## Problem to solve
From first line to last, give the records again word for word and omit the pictures.

━━ Record set ━━

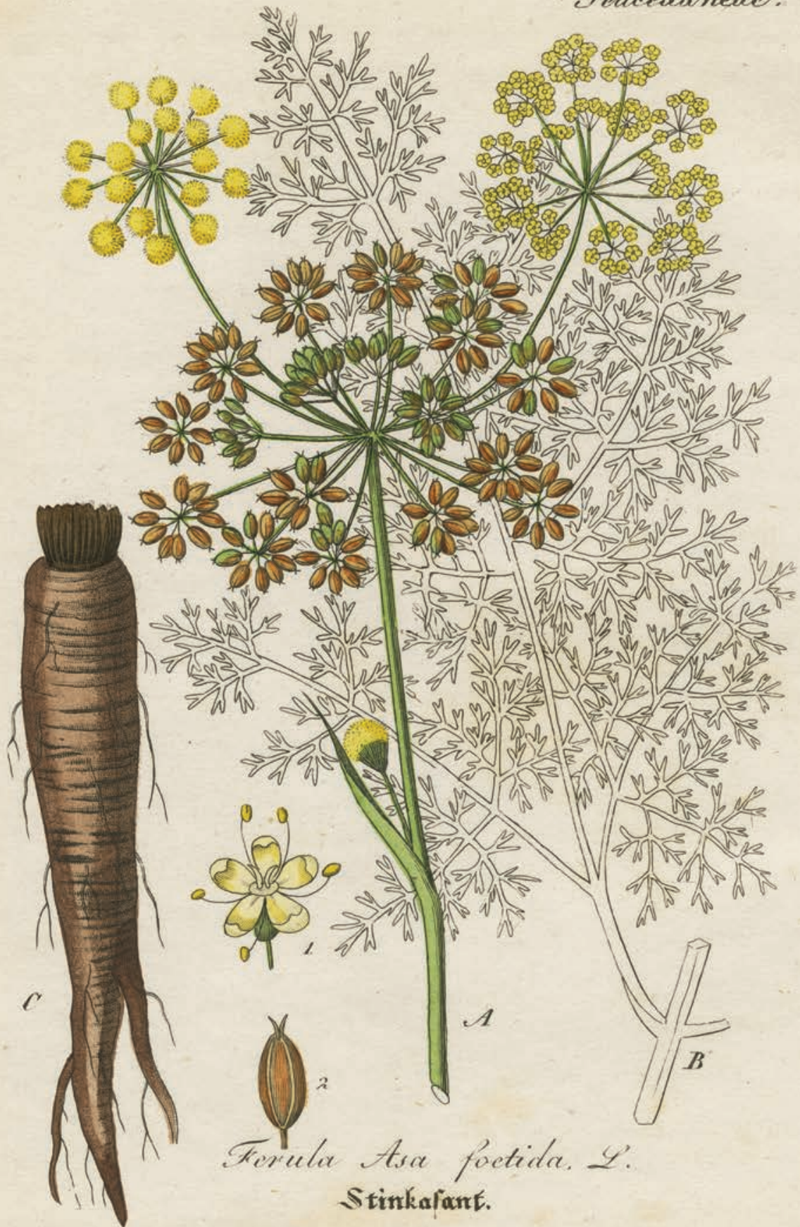
Ferula Asa foetida , L. Stinkasant.
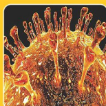
H1N1 (Swine Flu)
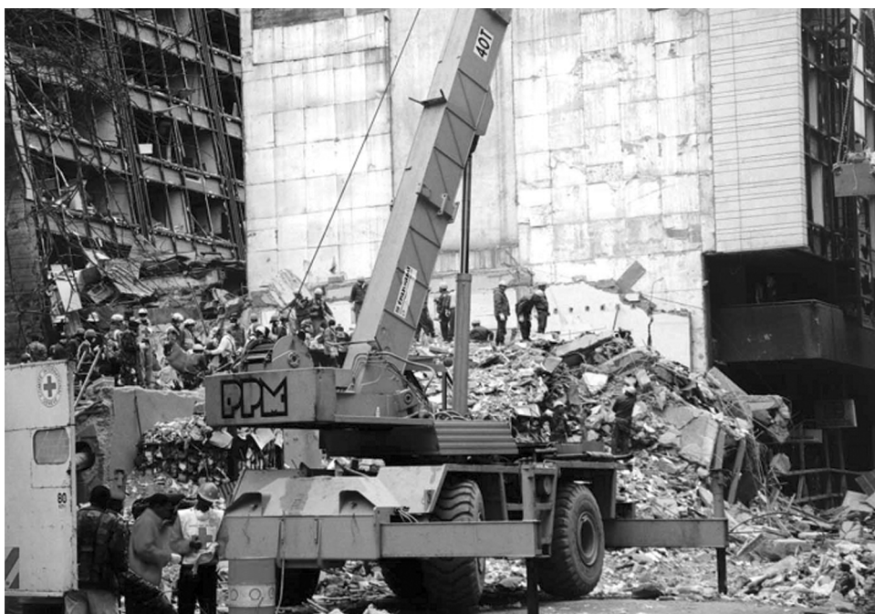
Figure 4: Response to al Qaeda Terrorist Attack, U.S. Embassy, Nairobi, Kenya, August 1998

The State Department is responsible for leading the U.S. response to terrorist incidents abroad. This includes measures to protect Americans, minimize incident damage, terminate terrorist attacks, and bring terrorists to trial. Once an attack has occurred, State's activities include measures to alleviate damage, protect public health, and provide emergency assistance. The Office of the Coordinator for Counterterrorism facilitates the planning and implementation of the U.S. government response to a terrorist incident overseas. In a given country, the ambassador would act as the on-scene coordinator for the response effort. (See figure 4.)
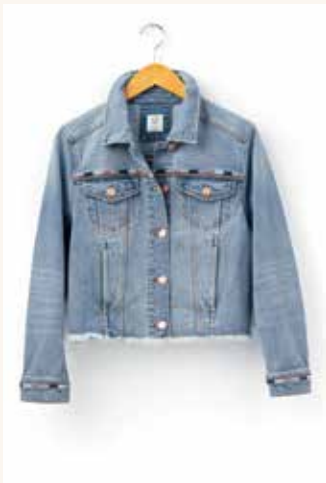
LONE STAR DENIM JACKET $98 • GH01420L • XS-XXL
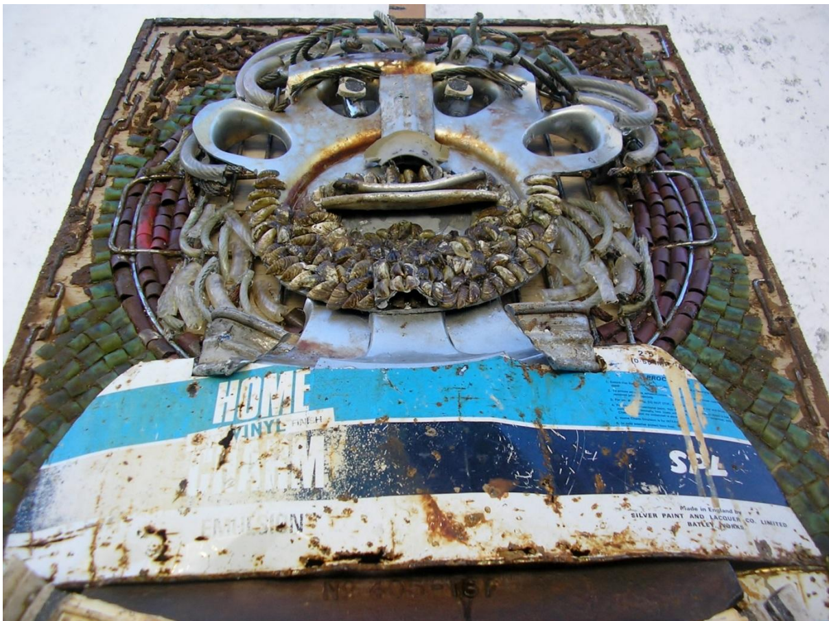
11. BOTTOM VIEW.

━━━

## Solution to the problem
Ferula Asa foetida , L. Stinkasant.
H1N1 (Swine Flu)
Figure 4: Response to al Qaeda Terrorist Attack, U.S. Embassy, Nairobi, Kenya, August 1998

The State Department is responsible for leading the U.S. response to terrorist incidents abroad. This includes measures to protect Americans, minimize incident damage, terminate terrorist attacks, and bring terrorists to trial. Once an attack has occurred, State's activities include measures to alleviate damage, protect public health, and provide emergency assistance. The Office of the Coordinator for Counterterrorism facilitates the planning and implementation of the U.S. government response to a terrorist incident overseas. In a given country, the ambassador would act as the on-scene coordinator for the response effort. (See figure 4.)
LONE STAR DENIM JACKET $98 • GH01420L • XS-XXL
11. BOTTOM VIEW.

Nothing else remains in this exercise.